WHAT YOU WILL DO |
Please return only the lines from the one holding "Desmarque de España." through the one holding "A personal favorite!", exactly as they appear in the records below, both ends included.

DATA RECORDS |
-- Opening Marker --
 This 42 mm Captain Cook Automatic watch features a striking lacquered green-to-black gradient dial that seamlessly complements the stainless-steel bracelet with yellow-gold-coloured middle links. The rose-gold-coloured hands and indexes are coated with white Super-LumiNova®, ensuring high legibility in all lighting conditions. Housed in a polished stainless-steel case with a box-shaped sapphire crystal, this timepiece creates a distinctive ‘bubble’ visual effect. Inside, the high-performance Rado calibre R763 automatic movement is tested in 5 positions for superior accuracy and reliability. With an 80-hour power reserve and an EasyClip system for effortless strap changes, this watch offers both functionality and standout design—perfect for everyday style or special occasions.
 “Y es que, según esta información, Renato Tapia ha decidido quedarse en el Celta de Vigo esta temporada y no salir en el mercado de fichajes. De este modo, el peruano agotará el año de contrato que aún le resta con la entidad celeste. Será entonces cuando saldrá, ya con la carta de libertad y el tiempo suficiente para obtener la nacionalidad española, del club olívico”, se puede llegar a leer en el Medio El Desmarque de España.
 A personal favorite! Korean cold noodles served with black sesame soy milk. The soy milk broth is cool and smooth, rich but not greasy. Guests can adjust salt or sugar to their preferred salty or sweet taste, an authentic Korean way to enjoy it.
-- Closing Marker --
-- Opening Marker --
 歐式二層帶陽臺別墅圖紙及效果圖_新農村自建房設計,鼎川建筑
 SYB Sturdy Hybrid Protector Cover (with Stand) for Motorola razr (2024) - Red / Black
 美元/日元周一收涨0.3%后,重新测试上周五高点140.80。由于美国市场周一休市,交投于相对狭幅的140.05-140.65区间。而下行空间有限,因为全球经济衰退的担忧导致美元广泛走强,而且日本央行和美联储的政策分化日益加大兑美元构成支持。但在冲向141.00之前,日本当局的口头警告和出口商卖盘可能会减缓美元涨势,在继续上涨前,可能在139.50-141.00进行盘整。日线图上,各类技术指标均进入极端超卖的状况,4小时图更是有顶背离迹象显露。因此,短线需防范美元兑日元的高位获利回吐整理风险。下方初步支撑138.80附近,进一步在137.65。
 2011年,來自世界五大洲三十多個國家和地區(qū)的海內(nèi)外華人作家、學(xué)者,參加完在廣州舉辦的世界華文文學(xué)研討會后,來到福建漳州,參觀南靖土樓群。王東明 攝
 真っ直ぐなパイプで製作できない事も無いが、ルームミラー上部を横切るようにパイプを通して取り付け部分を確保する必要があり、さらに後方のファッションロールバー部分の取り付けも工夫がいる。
-- Closing Marker --
RESULT FOR THIS TASK |
 “Y es que, según esta información, Renato Tapia ha decidido quedarse en el Celta de Vigo esta temporada y no salir en el mercado de fichajes. De este modo, el peruano agotará el año de contrato que aún le resta con la entidad celeste. Será entonces cuando saldrá, ya con la carta de libertad y el tiempo suficiente para obtener la nacionalidad española, del club olívico”, se puede llegar a leer en el Medio El Desmarque de España.
 A personal favorite! Korean cold noodles served with black sesame soy milk. The soy milk broth is cool and smooth, rich but not greasy. Guests can adjust salt or sugar to their preferred salty or sweet taste, an authentic Korean way to enjoy it.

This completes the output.